Note: I'm using ActivePerl 5.6.1 on Win32 so I can't use the Encode module, which is why I'd like to use regex instead.

Thanks.

Replies are listed 'Best First'.
Re: How to determine if string contains non-ASCII characters ?
by moritz (Cardinal) on Aug 19, 2009 at 16:57 UTC
    Note that your regex matches the empty string, and thus any string at all.

    Also ASCII covers only the bytes from 0 to 127, so your regex should read

    $string =~ m/[\x00-\x7f]/
    Perl 6 projects - links to (nearly) everything that is Perl 6.

      Also the character class needs to be negated to search for characters not in the range and then the result negated (here with !~ instead of =~), otherwise he will only detect if the string has any asccii chars

      $string !~ m/[^\x00-\x7f]/

        Your solution checks if any characters aren't ASCII.

        my $is_ascii = $string !~ /[^\x00-\x7F]/;

        An alternative is to check that all characters are ASCII.

        my $is_ascii = $string =~ /^[\x00-\x7F]*\z/;

        Both are fine.

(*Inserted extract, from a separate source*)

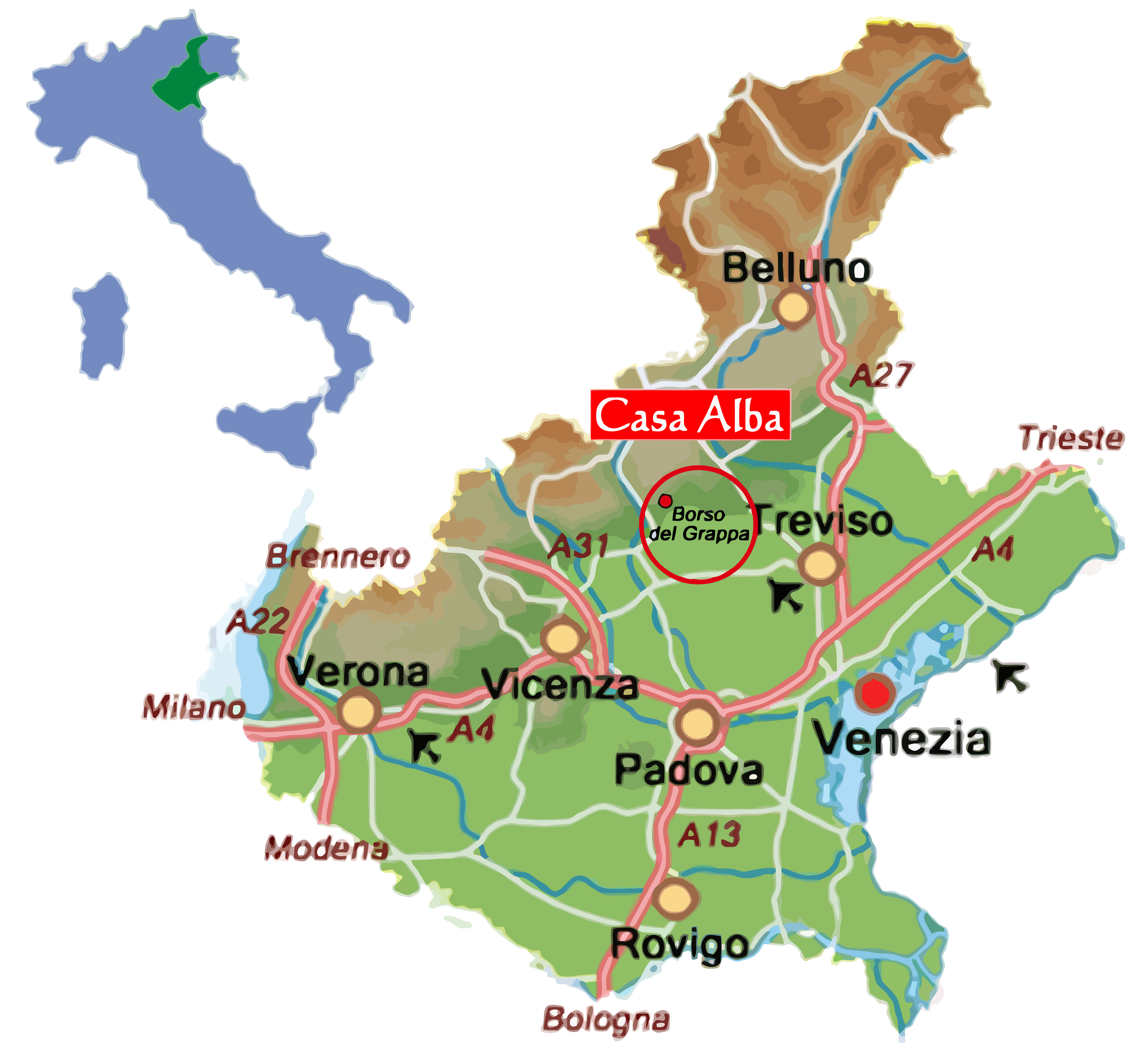 Casa Alba is located on the border between the provinces of Treviso and Vicenza, in the center of Borso del Grappa.
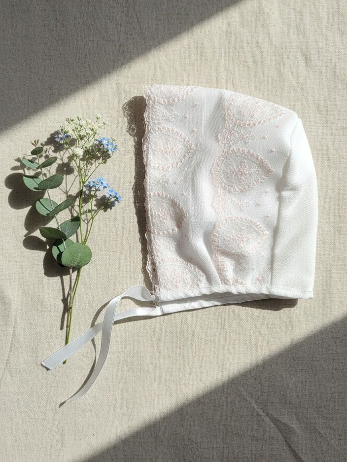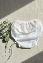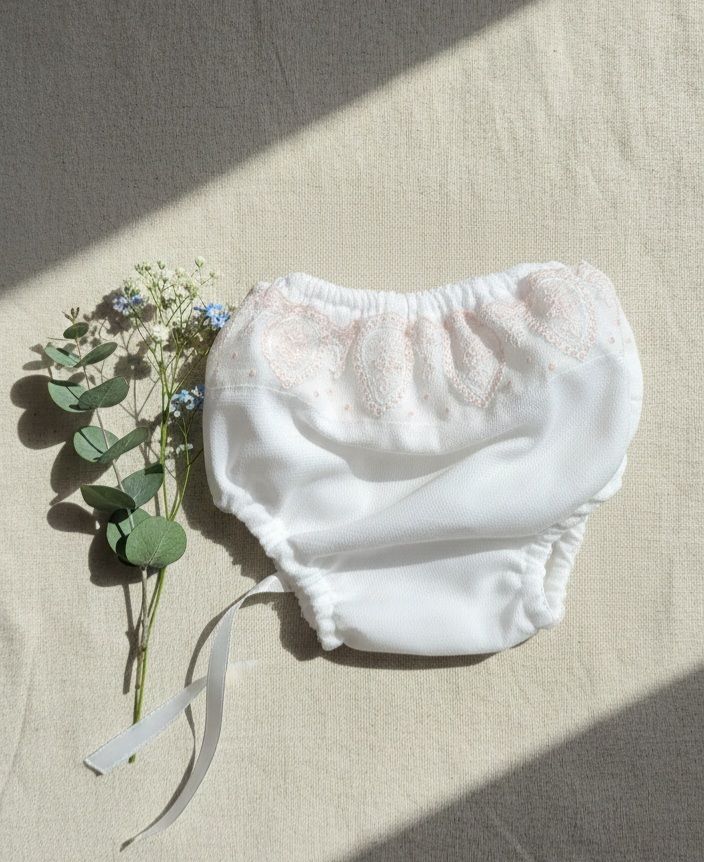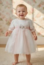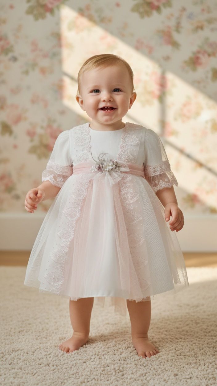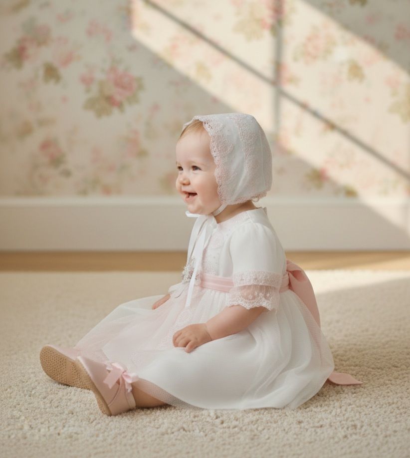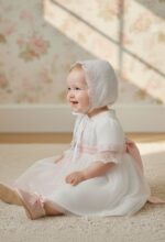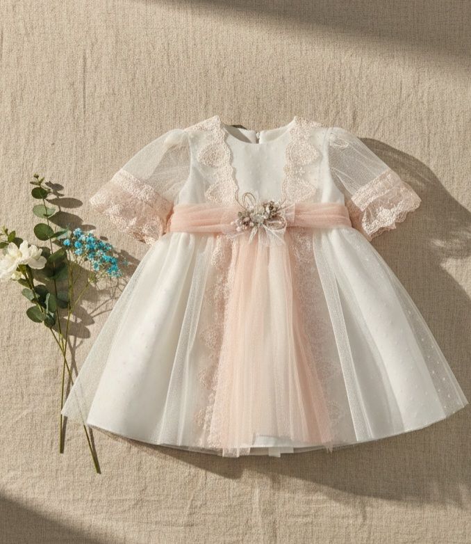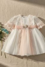 Vestido de ceremonia en tul. De tul liso en blanco roto va decorado por unas bonitas puntillas en tono rosa, desde el cuerpo hacia la falda, con una apertura con un color rosa asalmonado, que da un aspecto muy dulce. Lleva fajín en el mismo tono, con lazada trasera.

The first can be faster if the result is false, but the difference is probably inconsequential in practice.

        Thanks for the hints.

        However, both regexes still don't appear to be hitting the spot. I've created a small test program which pulls an Arabic title from a webpage to demonstrate:

        use LWP::UserAgent; $ua = LWP::UserAgent->new; my $resp = $ua->get("http://www.englishlink.com/index_ARE_HTML.asp"); if ($resp->is_success) { $mystring = $resp->content; $mystring =~ s/.*\<title\>//sgi; $mystring =~ s/\<.*//sgi; } print "$mystring\n"; if ($mystring =~ m/[^\x00-\x7f]/) { print "Contains ASCII only\n"; } else { print "Contains non-ASCII\n"; }
        When run, I'd expect to see the result as "Contains non-ASCII", but instead I get "Contains ASCII only"

        Any thoughts as to why ?